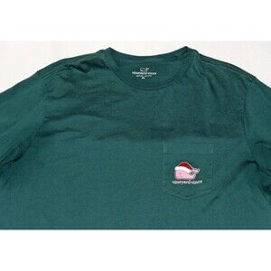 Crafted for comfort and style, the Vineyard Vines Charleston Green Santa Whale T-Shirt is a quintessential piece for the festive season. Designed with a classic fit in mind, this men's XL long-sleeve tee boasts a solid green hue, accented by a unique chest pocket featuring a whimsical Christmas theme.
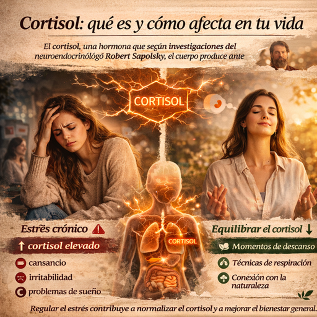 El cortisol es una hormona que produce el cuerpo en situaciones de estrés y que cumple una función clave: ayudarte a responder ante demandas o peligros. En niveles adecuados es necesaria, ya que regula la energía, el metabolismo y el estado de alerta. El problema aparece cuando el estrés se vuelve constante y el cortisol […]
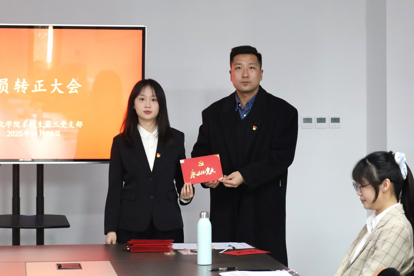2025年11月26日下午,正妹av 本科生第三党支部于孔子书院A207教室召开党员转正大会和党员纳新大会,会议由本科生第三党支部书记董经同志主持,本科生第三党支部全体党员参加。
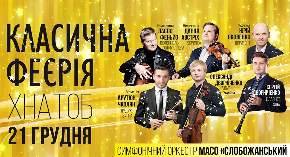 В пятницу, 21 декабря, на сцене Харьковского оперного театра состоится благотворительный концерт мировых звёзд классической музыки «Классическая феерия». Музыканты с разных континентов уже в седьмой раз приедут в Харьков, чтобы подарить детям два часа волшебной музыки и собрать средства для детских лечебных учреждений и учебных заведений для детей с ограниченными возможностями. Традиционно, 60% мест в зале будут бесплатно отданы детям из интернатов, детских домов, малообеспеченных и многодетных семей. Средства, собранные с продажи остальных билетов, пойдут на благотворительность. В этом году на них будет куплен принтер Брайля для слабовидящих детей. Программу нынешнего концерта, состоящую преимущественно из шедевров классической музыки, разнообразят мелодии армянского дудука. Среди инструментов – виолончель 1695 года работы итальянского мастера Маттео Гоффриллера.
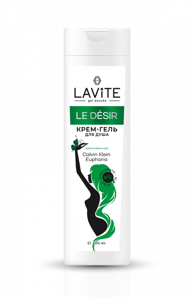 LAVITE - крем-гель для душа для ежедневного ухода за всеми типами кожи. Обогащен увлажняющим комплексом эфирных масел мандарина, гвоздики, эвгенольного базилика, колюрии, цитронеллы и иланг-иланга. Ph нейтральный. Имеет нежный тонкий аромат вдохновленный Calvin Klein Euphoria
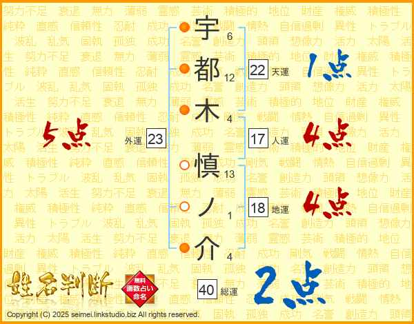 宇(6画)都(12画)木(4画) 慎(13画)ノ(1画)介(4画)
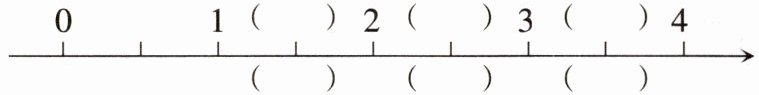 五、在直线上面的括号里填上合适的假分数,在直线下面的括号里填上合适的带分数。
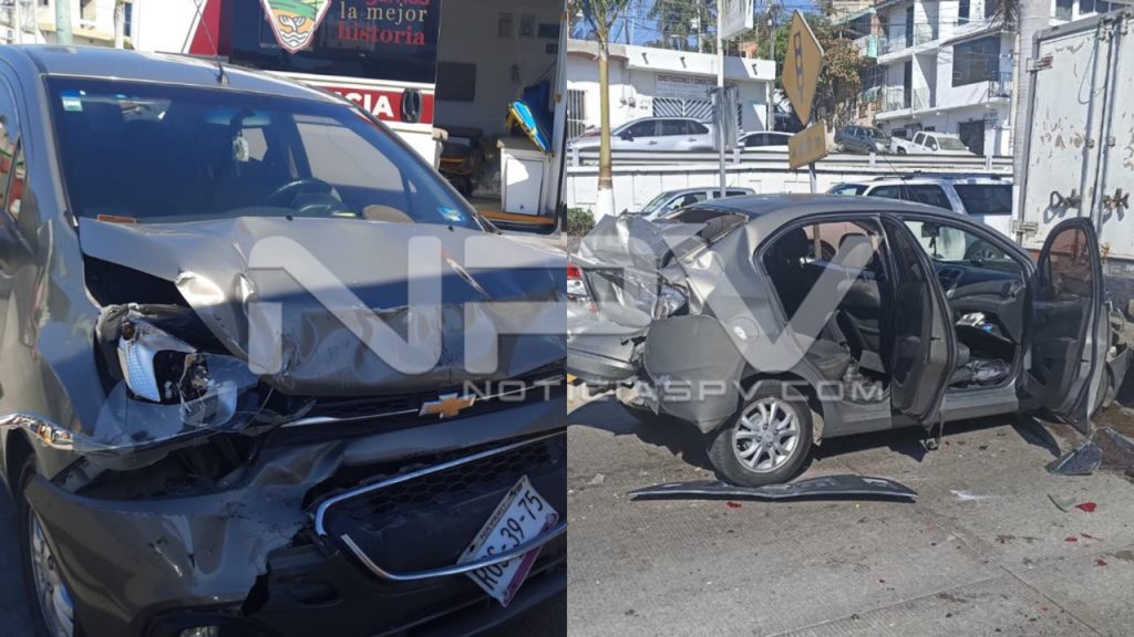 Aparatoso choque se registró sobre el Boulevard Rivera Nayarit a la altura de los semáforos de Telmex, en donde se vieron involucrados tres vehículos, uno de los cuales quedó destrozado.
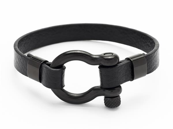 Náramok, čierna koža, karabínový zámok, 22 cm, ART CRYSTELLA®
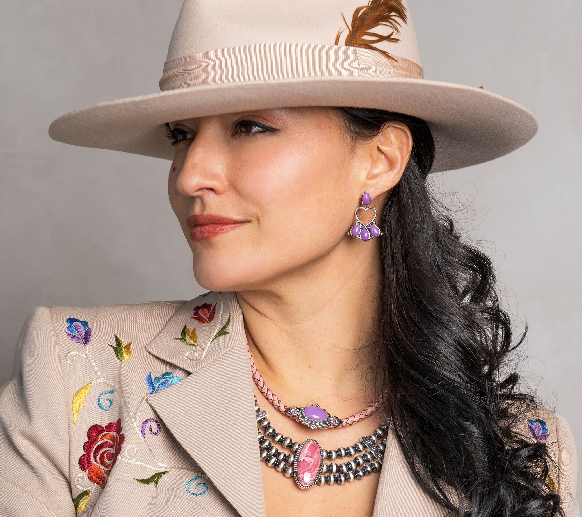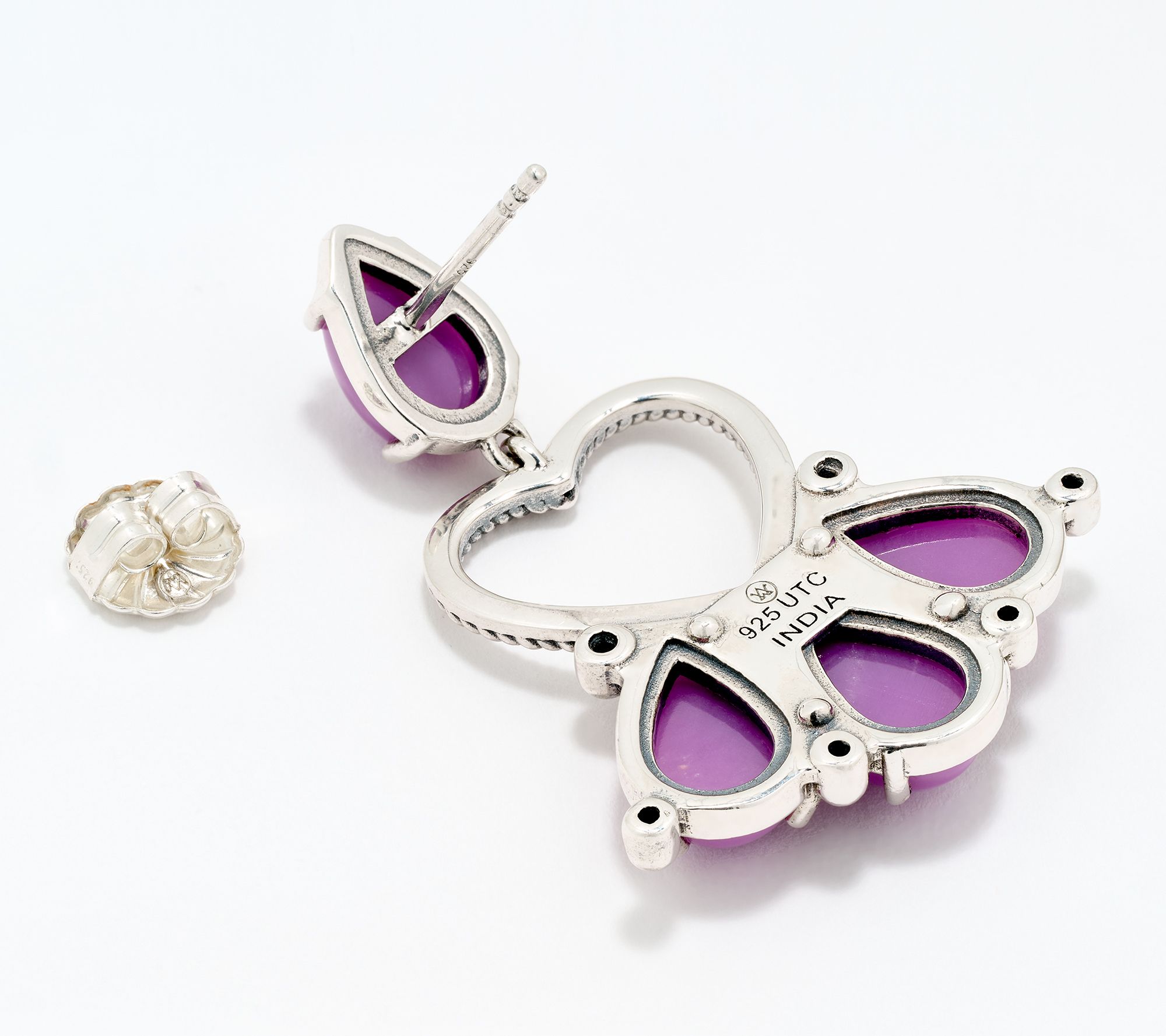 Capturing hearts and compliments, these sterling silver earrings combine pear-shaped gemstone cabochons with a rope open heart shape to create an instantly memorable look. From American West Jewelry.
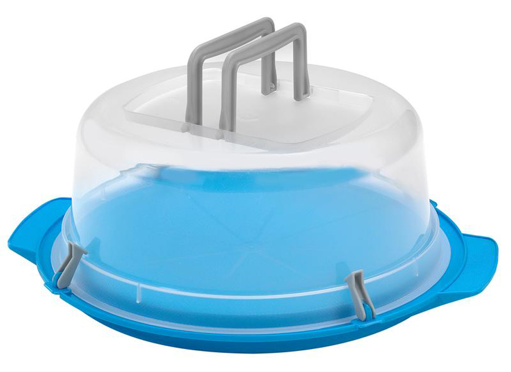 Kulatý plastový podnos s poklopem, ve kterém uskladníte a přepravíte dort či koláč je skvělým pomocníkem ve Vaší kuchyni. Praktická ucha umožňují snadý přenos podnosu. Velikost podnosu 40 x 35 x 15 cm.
####################
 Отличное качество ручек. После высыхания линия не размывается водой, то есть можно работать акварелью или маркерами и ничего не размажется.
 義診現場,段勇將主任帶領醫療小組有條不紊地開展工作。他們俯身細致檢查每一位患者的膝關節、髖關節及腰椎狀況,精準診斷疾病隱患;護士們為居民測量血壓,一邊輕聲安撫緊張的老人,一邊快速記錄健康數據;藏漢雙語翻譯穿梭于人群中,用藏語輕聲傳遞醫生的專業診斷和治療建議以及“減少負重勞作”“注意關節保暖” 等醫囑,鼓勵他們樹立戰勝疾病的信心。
####################
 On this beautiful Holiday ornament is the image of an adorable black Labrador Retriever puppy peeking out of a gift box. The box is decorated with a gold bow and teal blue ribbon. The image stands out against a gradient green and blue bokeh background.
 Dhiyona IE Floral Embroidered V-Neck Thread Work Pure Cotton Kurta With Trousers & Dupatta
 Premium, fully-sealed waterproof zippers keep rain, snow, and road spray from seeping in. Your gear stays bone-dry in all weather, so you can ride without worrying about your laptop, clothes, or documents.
####################
PROBLEM TO WORK ON: What you write must match the listing exactly, from the line with "宇(6画)都(12画)木(4画) 慎(13画)ノ(1画)介(4画)" up to and including the line with "Kulatý plastový podnos". Pictures stay out.

OUTPUT OF THE EXERCISE:
 宇(6画)都(12画)木(4画) 慎(13画)ノ(1画)介(4画)
 五、在直线上面的括号里填上合适的假分数,在直线下面的括号里填上合适的带分数。
 Aparatoso choque se registró sobre el Boulevard Rivera Nayarit a la altura de los semáforos de Telmex, en donde se vieron involucrados tres vehículos, uno de los cuales quedó destrozado.
 Náramok, čierna koža, karabínový zámok, 22 cm, ART CRYSTELLA®
 Capturing hearts and compliments, these sterling silver earrings combine pear-shaped gemstone cabochons with a rope open heart shape to create an instantly memorable look. From American West Jewelry.
 Kulatý plastový podnos s poklopem, ve kterém uskladníte a přepravíte dort či koláč je skvělým pomocníkem ve Vaší kuchyni. Praktická ucha umožňují snadý přenos podnosu. Velikost podnosu 40 x 35 x 15 cm.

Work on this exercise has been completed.